▶ **Your assignment**: No pictures belong in the answer. Repeat all the entries exactly.

╭──

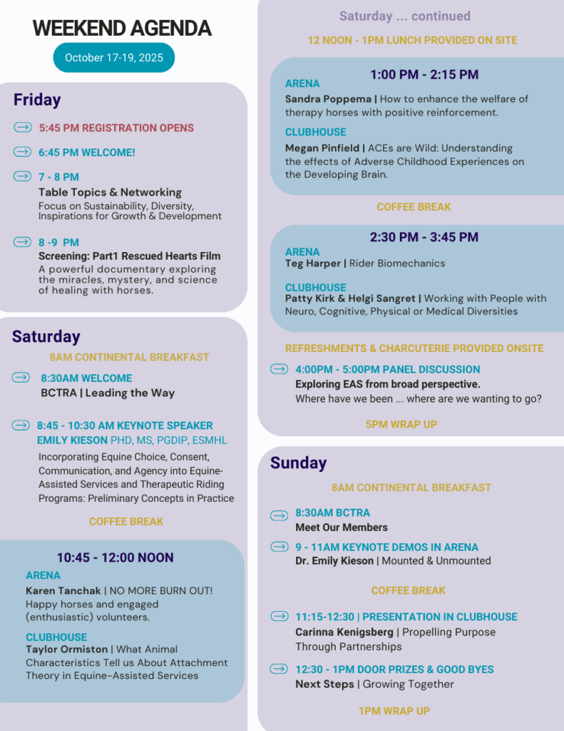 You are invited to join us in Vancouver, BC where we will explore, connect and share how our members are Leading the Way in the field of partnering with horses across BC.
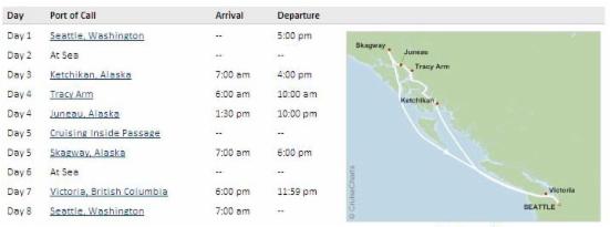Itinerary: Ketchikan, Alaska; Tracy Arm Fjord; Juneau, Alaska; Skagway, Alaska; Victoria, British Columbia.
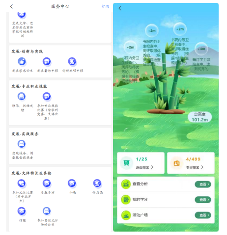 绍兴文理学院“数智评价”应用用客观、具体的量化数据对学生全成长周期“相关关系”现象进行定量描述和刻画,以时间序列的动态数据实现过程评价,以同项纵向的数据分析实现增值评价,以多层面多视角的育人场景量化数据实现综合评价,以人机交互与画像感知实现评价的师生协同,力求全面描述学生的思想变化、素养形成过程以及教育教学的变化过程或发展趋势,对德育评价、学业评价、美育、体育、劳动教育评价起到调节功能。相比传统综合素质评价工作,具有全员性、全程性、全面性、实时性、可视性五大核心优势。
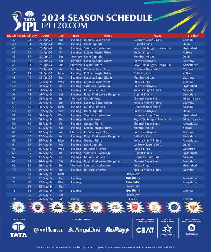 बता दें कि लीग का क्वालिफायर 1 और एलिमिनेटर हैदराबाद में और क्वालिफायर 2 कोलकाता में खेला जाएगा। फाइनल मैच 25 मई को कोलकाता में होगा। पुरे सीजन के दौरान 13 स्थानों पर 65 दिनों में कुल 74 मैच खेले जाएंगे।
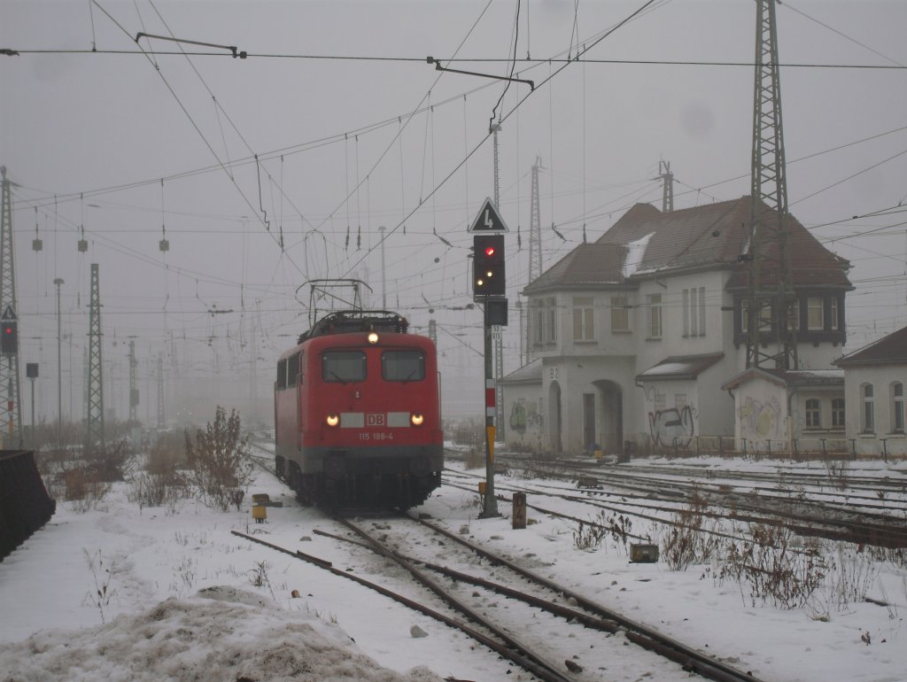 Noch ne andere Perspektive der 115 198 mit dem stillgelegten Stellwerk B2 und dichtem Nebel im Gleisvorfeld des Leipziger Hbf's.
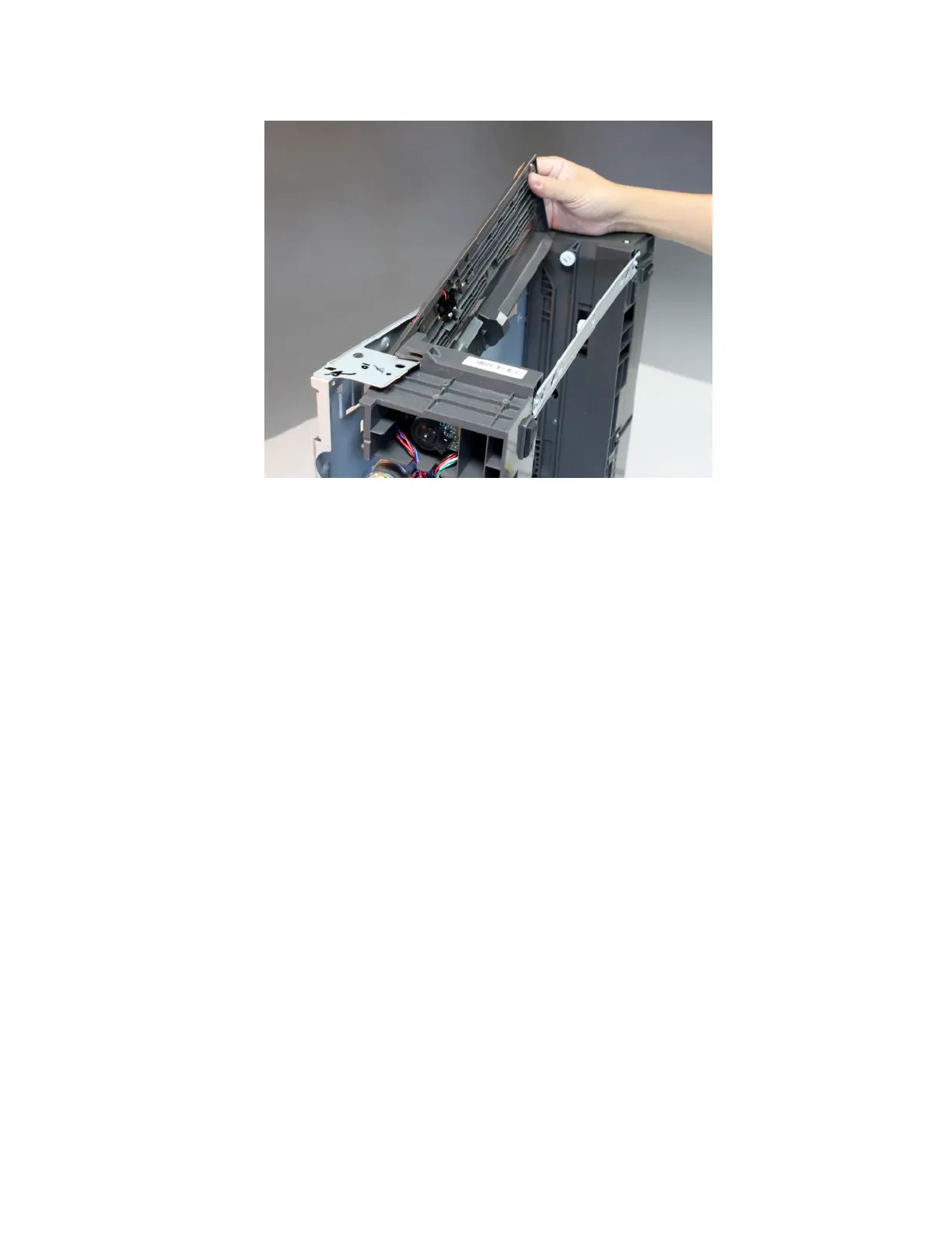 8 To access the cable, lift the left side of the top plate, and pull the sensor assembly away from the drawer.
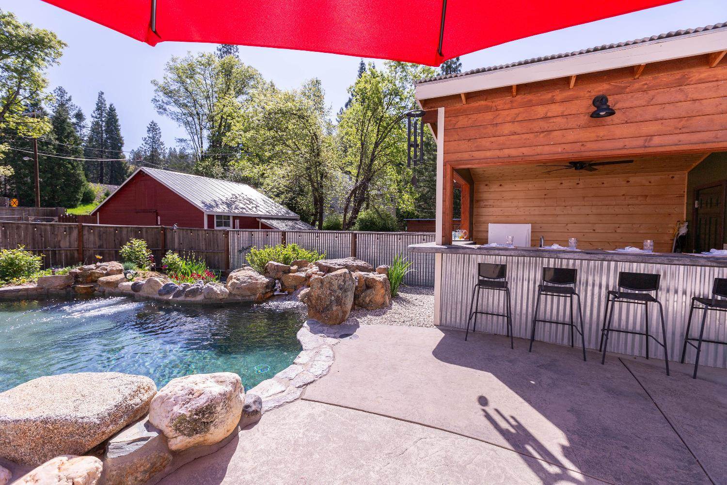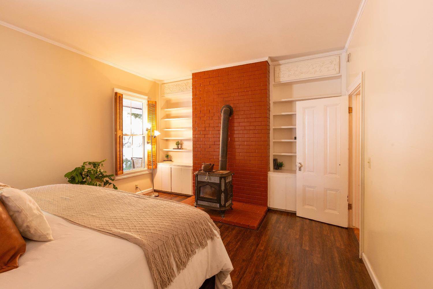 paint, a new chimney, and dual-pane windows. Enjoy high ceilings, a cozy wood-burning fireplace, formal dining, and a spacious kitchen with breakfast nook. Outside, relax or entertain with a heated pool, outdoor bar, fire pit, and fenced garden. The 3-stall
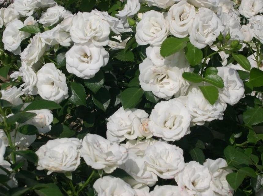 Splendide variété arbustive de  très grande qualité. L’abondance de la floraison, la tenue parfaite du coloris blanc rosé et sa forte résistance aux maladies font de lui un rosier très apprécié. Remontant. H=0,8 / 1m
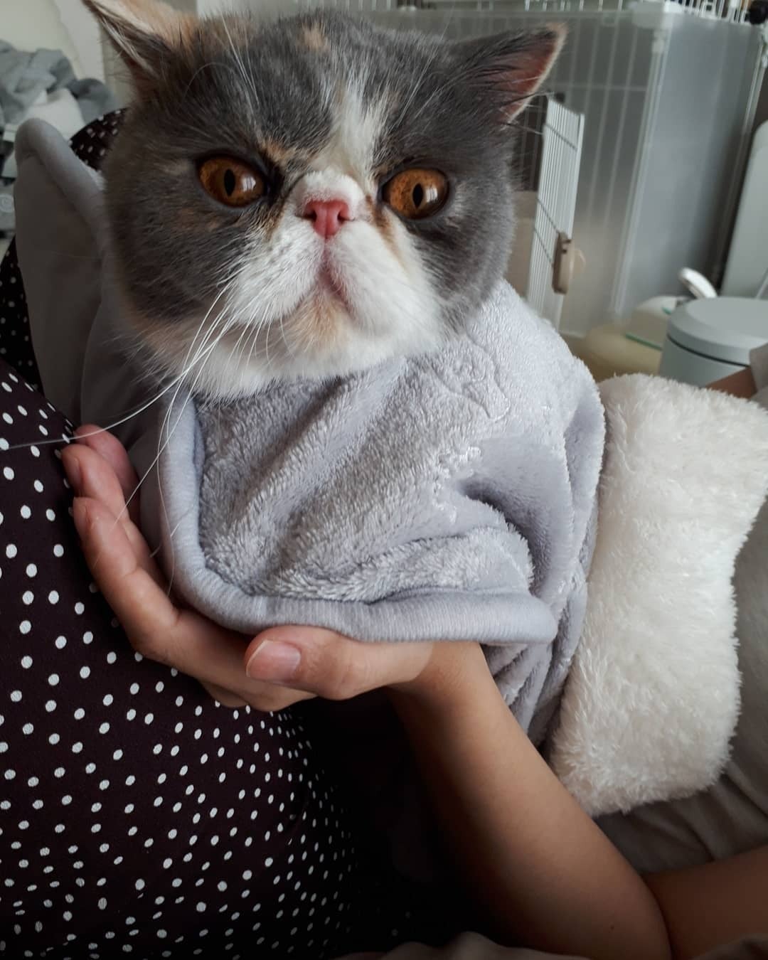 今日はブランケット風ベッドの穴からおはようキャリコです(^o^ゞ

╰──

▶ **Response to this task**:
 You are invited to join us in Vancouver, BC where we will explore, connect and share how our members are Leading the Way in the field of partnering with horses across BC.
Itinerary: Ketchikan, Alaska; Tracy Arm Fjord; Juneau, Alaska; Skagway, Alaska; Victoria, British Columbia.
 绍兴文理学院“数智评价”应用用客观、具体的量化数据对学生全成长周期“相关关系”现象进行定量描述和刻画,以时间序列的动态数据实现过程评价,以同项纵向的数据分析实现增值评价,以多层面多视角的育人场景量化数据实现综合评价,以人机交互与画像感知实现评价的师生协同,力求全面描述学生的思想变化、素养形成过程以及教育教学的变化过程或发展趋势,对德育评价、学业评价、美育、体育、劳动教育评价起到调节功能。相比传统综合素质评价工作,具有全员性、全程性、全面性、实时性、可视性五大核心优势。
 बता दें कि लीग का क्वालिफायर 1 और एलिमिनेटर हैदराबाद में और क्वालिफायर 2 कोलकाता में खेला जाएगा। फाइनल मैच 25 मई को कोलकाता में होगा। पुरे सीजन के दौरान 13 स्थानों पर 65 दिनों में कुल 74 मैच खेले जाएंगे।
 Noch ne andere Perspektive der 115 198 mit dem stillgelegten Stellwerk B2 und dichtem Nebel im Gleisvorfeld des Leipziger Hbf's.
 8 To access the cable, lift the left side of the top plate, and pull the sensor assembly away from the drawer.
 paint, a new chimney, and dual-pane windows. Enjoy high ceilings, a cozy wood-burning fireplace, formal dining, and a spacious kitchen with breakfast nook. Outside, relax or entertain with a heated pool, outdoor bar, fire pit, and fenced garden. The 3-stall
 Splendide variété arbustive de  très grande qualité. L’abondance de la floraison, la tenue parfaite du coloris blanc rosé et sa forte résistance aux maladies font de lui un rosier très apprécié. Remontant. H=0,8 / 1m
 今日はブランケット風ベッドの穴からおはようキャリコです(^o^ゞ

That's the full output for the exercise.